Via EDGAR and E-mail      
     
Securities and Exchange Commission      
Division of Corporation Finance      
100 F Street, N.E.      
Washington, D.C. 20549      
     
   File No. 041135-0005

 

Attention:    Kathleen Collins, Accounting Branch Chief
   Megan Akst, Staff Accountant

 

Re:   

WNS (Holdings) Limited

Form 20-F and Form 20-F/A for Fiscal Year Ended March 31, 2012

Filed April 26, 2012 and July 20, 2012, respectively

File No. 001-32945

Ladies and Gentlemen:

We are counsel to WNS (Holdings) Limited, a company organized under the laws of Jersey, Channel Islands (the “Company”).

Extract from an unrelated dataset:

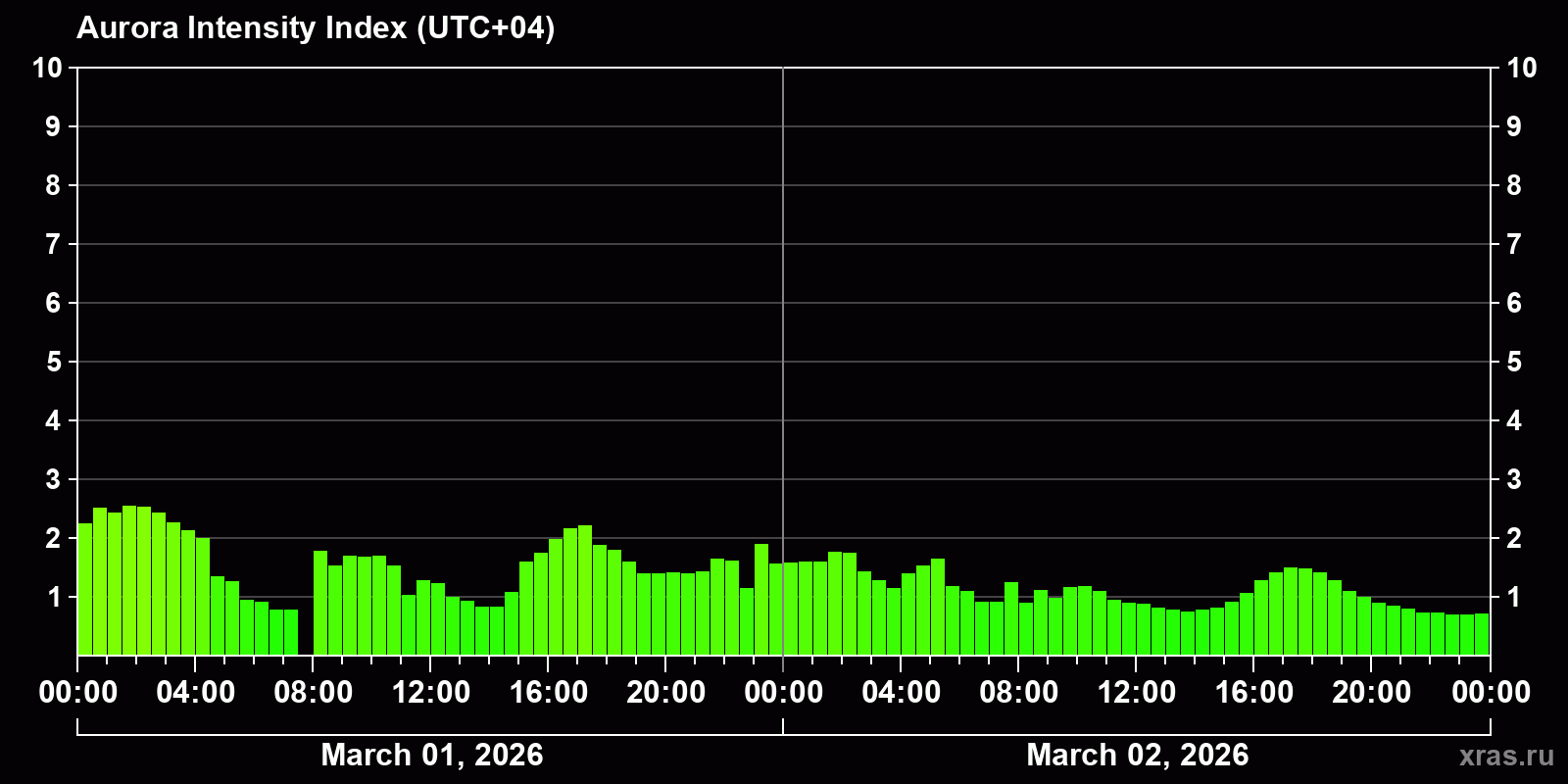 Auroras (northern lights) in Tolyatti — Mar 02, 2026

On behalf of the Company, set forth below is the Company’s responses to the Staff’s comment letter dated February 1, 2013. For the Staff’s convenience, the Staff’s comments are set forth in italics before each response.

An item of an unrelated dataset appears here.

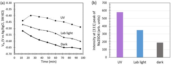 Different irradiation sources, which are UV, lab light, or dark, were adopted and scanned from the potential of 1 to −1 V, with each scan lasting 12 min, using a frequency of 400 Hz. The same scan was repeated eight times on the Ana(400)-ss&ss thin film to study the effect of immersion duration. It can be seen that different irradiation sources pose different values on the Vfb of Ana(400)-ss&ss. An obvious deep shift of Vfb to a negative value is observed with time under the UV, laboratory light, or dark, as shown in Figure 8a. At the eighth scan, the differences in the Vfb of UV, laboratory light, and dark are bigger than the differences in Vfb at the first scan. When the sample is examined under XRD, it reveals that the intensity at peak [111] of thenardite is higher when the irradiation source is UV, followed by laboratory light and the dark, as shown in Figure 8b. Figure 8c–e are SEM microstructures, SEM mappings, and an EDX spectrum showing the thenardite Na2SO4 salt on the surface of Ana(400)-ss&ss under the UV, respectively. The samples under the laboratory light or in the dark have similar characteristics to those under UV. Thus, the shift of Vfb to a negative value could be, again, due to the deposition of a layer of thenardite Na2SO4 salt, instead of the influence of the application of different types of irradiation sources.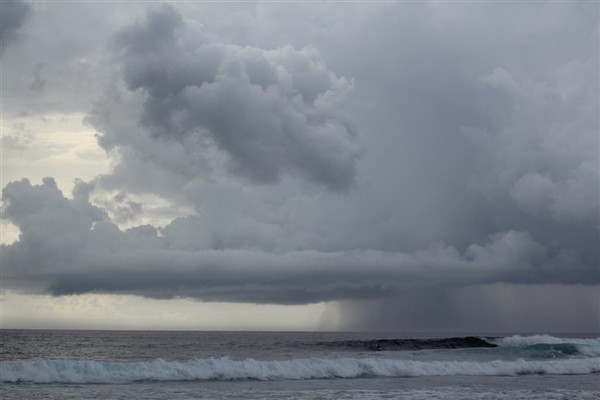 璇璇一边吃,一边迫不及待地想去旁边的游泳池游泳。可是天有不测风云,吃到半路上,竟然狂风大作,下起暴雨来。热带的雨真是说来就来,一点不带含糊的,大家纷纷移到餐厅里面,由于雨太大,餐厅的小黑们都在忙着放下门上的雨帘,不过还不忘安慰我们:很快就会停的。

Form 20-F for the Fiscal Year Ended March 31, 2012

Item 5. Operating and Financial Review and Prospects

Results of Operations, page 83

 

1. On page 72 you state that your profit margin is largely a function of your asset utilization and the rates you are able to recover for your services. We further note the metrics disclosed on page 73, which include your seat utilization rate. Please consider revising your disclosures to include a discussion regarding these metrics and how they impacted your results of operations, more specifically your gross profit margins. We refer you to Section III.B of SEC Release 33-683.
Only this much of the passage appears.